Alex (ao meio) e dois colegas, em evento de renovação de frotas dos ônibus de sua cidade, São José dos Campos, em 25 de julho. - Foto: Claudio Vieira/PMSJC
Alex (ao meio) e dois colegas, em evento de renovação de frotas dos ônibus de sua cidade, São José dos Campos, em 25 de julho. - Foto: Claudio Vieira/PMSJC

A história de Alex é similar a de Gabriel e as de tantos outros busólogos: começou o interesse ainda criança, quando morava em frente a um ponto final, ouviu críticas e julgamentos, mas manteve-se firme no hobby. Graças a isso, fez amizades e desenvolveu ainda mais sua paixão, até decidir torná-la pública e criar a página em 2022. O jovem explica o fascínio: “É meu ‘cura tédio’. Diariamente, eu fico em ônibus fotografando e me divertindo com meus amigos, motoristas e cobradores. Já posso dizer que criei uma família”.


Foi a partir das conversas com os trabalhadores dos transportes que surgiu a inspiração para seus pequenos filmes. As histórias que escutava, com relatos assustadores de episódios inexplicáveis do mundo sobrenatural, arrepiavam a espinha e ficavam na mente, até surgir a ideia de compartilhá-las com o público geral.


O sucesso foi imediato: no primeiro vídeo do gênero, “Há algo de errado no 115”, Alex interpreta um cobrador que, ao chegar no ponto final, fica sozinho no carro após o motorista (interpretado por um profissional verdadeiro) descer para ir ao banheiro. De repente, ele começa a escutar sinais de parada solicitada, e percebe que não estava tão sozinho ao notar figuras obscuras nos últimos assentos do ônibus. A produção é totalmente amadora, com gravação e edição própria, feitas no celular de Alex, e o vídeo, de 13 de setembro de 2024, soma mais de 200 mil curtidas.


Um ônibus com muitos lugares


Há espaço para todos na busologia. Sem necessidade de preconceito e de serem rejeitados apenas pelos seus interesses, os busólogos têm personalidade para mostrar ao mundo o que desperta seu fascínio.

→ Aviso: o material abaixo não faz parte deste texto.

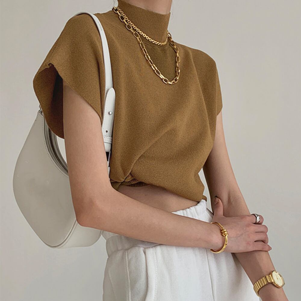 ニット トップス ハイネック ニットソー 無地 フレンチスリーブ 韓国ファッション 春秋 夏服
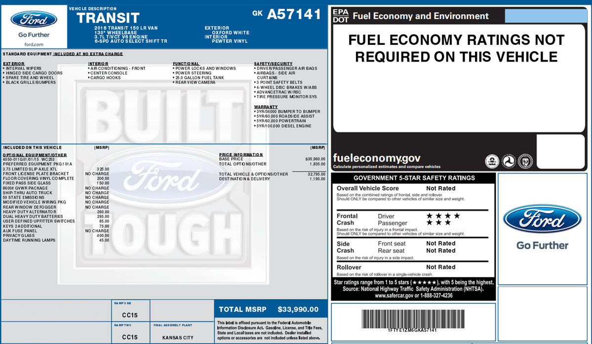 2016 Ford Transit 150|101,776 Miles|runs & Lot Drives |right Front Damage |all Airbags Deployed|3.7l V6|rwd |clean Title|check Rules And Regulations In Your State For Title Transfer|please Call Our Offices For More Details Or To Arrange A Purchase| $500 Non-refundable Deposit Required To Purchase Any Vehicle And Remove From All Advertising Sites. Balance To Be Paid Within 3 Business Days |vehicle Must Be Shipped Or Picked Up Via Trailer!|

Trocam ideias, discutem opiniões, compartilham histórias e são bem receptivos em tópicos de conversas cada vez mais populares; as convenções de ônibus têm recebido públicos cada vez maiores — a Rio Bus Expo, por exemplo, contou com 5 mil e 8 mil pessoas nas duas primeiras edições, em 2024 e 2025, respectivamente.


Para quem utiliza o transporte público, não é tão incomum ser “fã” de um ônibus, gostar de uma linha específica, conhecer paradas, cochilar no banco e reconhecer o ponto de descida somente pelo balançar da trajetória. Indo mais além, os ônibus podem até representar histórias e vivências, e serem guias para lugares especiais do passado ou do presente, que marcaram trajetórias pessoais: da janela, o busólogo enxerga a cidade se transformando a cada parada, enquanto o próprio ônibus transforma sua vida.